***** STORED DATA *****
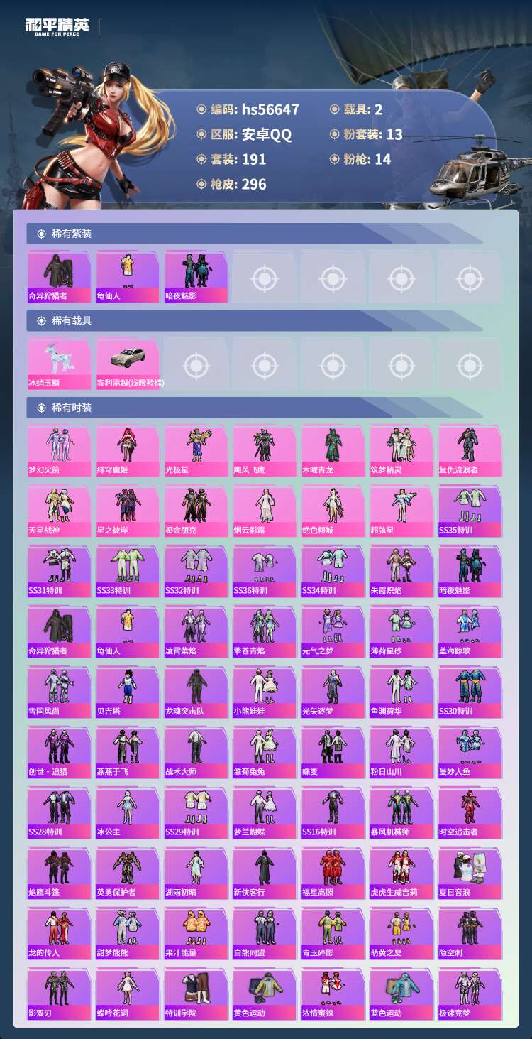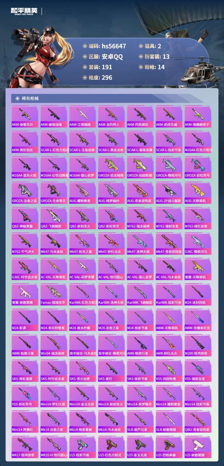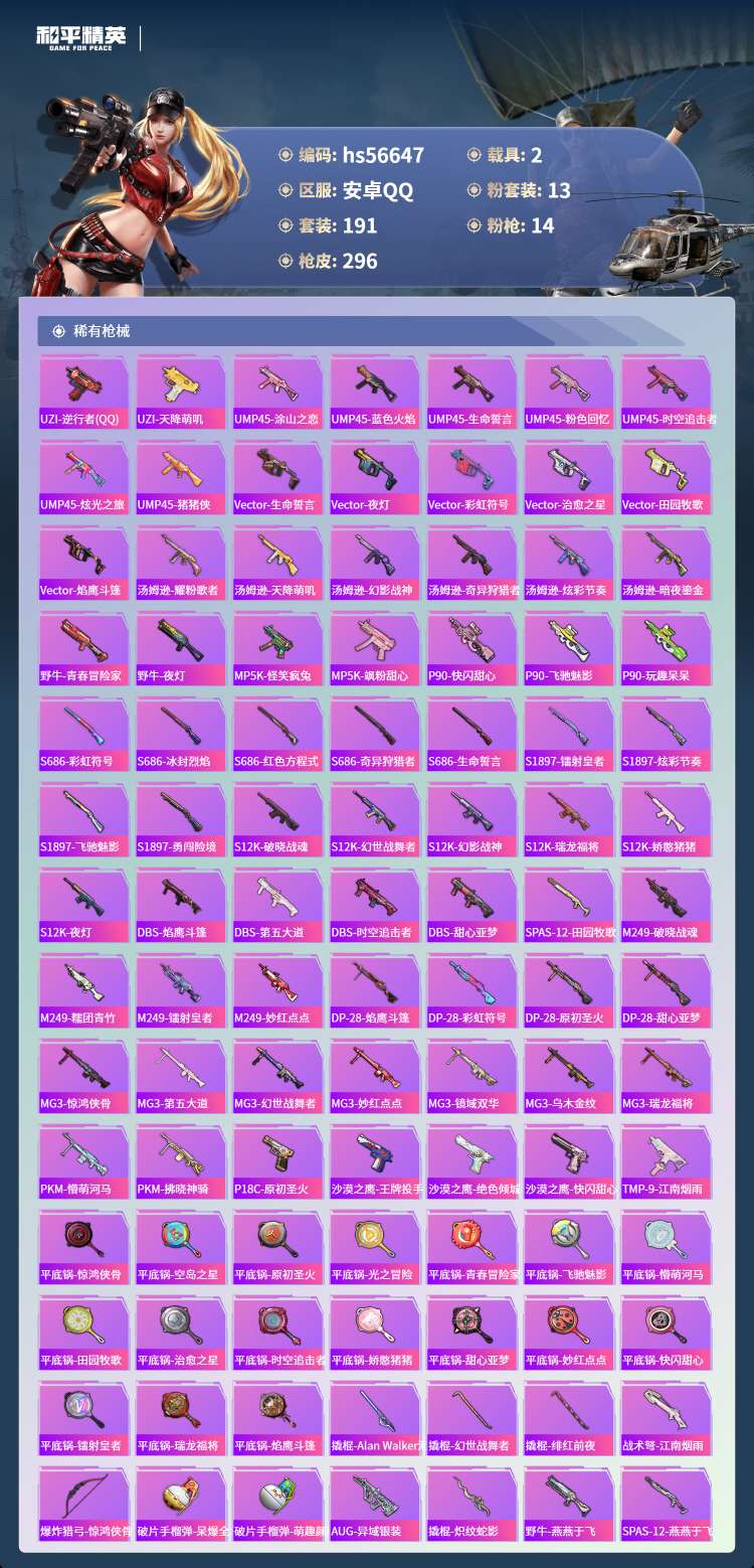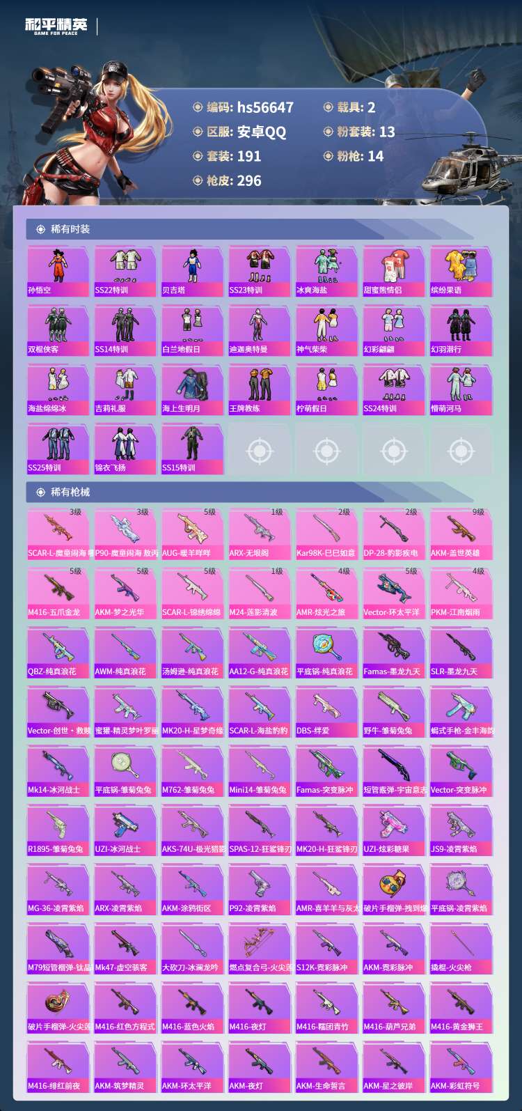 hs56647 安卓手Q-22王牌印记-13粉装-14特效枪-2载具-94322热力值-191套装-
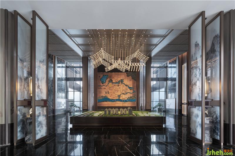 J&A通过创意进入到东方千年文化经典的源头,把设计命题打开,将历史碎化的记忆与年轻化融合,提炼沈阳故宫的“檐”、“水”、“镂”、“刻”的元素,并以新科技、新手法、新材料的先进手段,让空间因厚实底蕴的年轻化再造而焕发出更加鲜活的魅力。售楼处设计
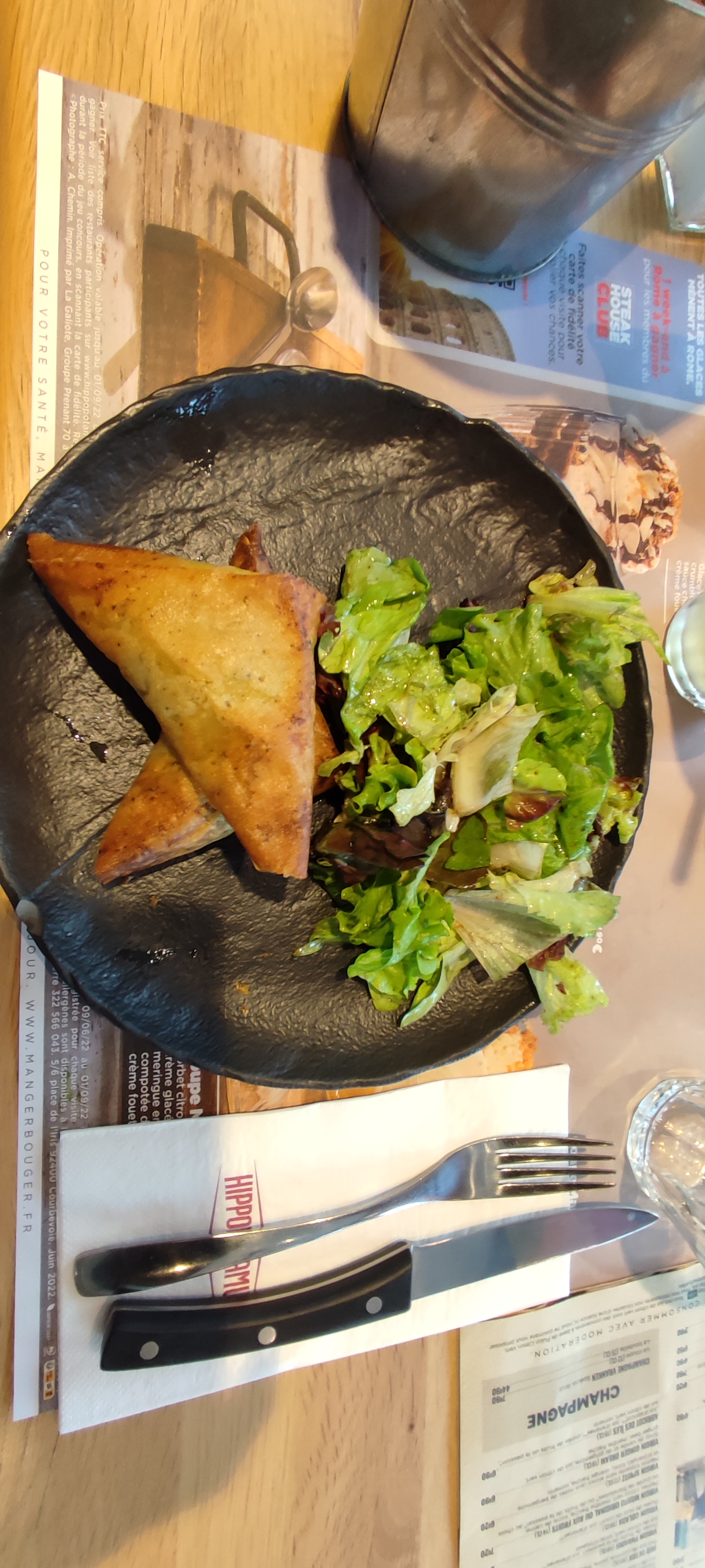 Déçu par le chèvre chaud servi façon samoussa bouillant et la tranche de chèvre trop épaisse mes haricots vert sont arrivés en décalage avec ma viande qui est arrivée avec des frites dont je voulais pas la mousse au chocolat à volonté est acceptable mais pas extraordinaire en revanche le trio de viande est de très bonne qualité
*****
TASK DETAILS :: The expected result is the data above in exact form, free of pictures.

SOLUTION TO THE PROBLEM ::
 hs56647 安卓手Q-22王牌印记-13粉装-14特效枪-2载具-94322热力值-191套装-
 J&A通过创意进入到东方千年文化经典的源头,把设计命题打开,将历史碎化的记忆与年轻化融合,提炼沈阳故宫的“檐”、“水”、“镂”、“刻”的元素,并以新科技、新手法、新材料的先进手段,让空间因厚实底蕴的年轻化再造而焕发出更加鲜活的魅力。售楼处设计
 Déçu par le chèvre chaud servi façon samoussa bouillant et la tranche de chèvre trop épaisse mes haricots vert sont arrivés en décalage avec ma viande qui est arrivée avec des frites dont je voulais pas la mousse au chocolat à volonté est acceptable mais pas extraordinaire en revanche le trio de viande est de très bonne qualité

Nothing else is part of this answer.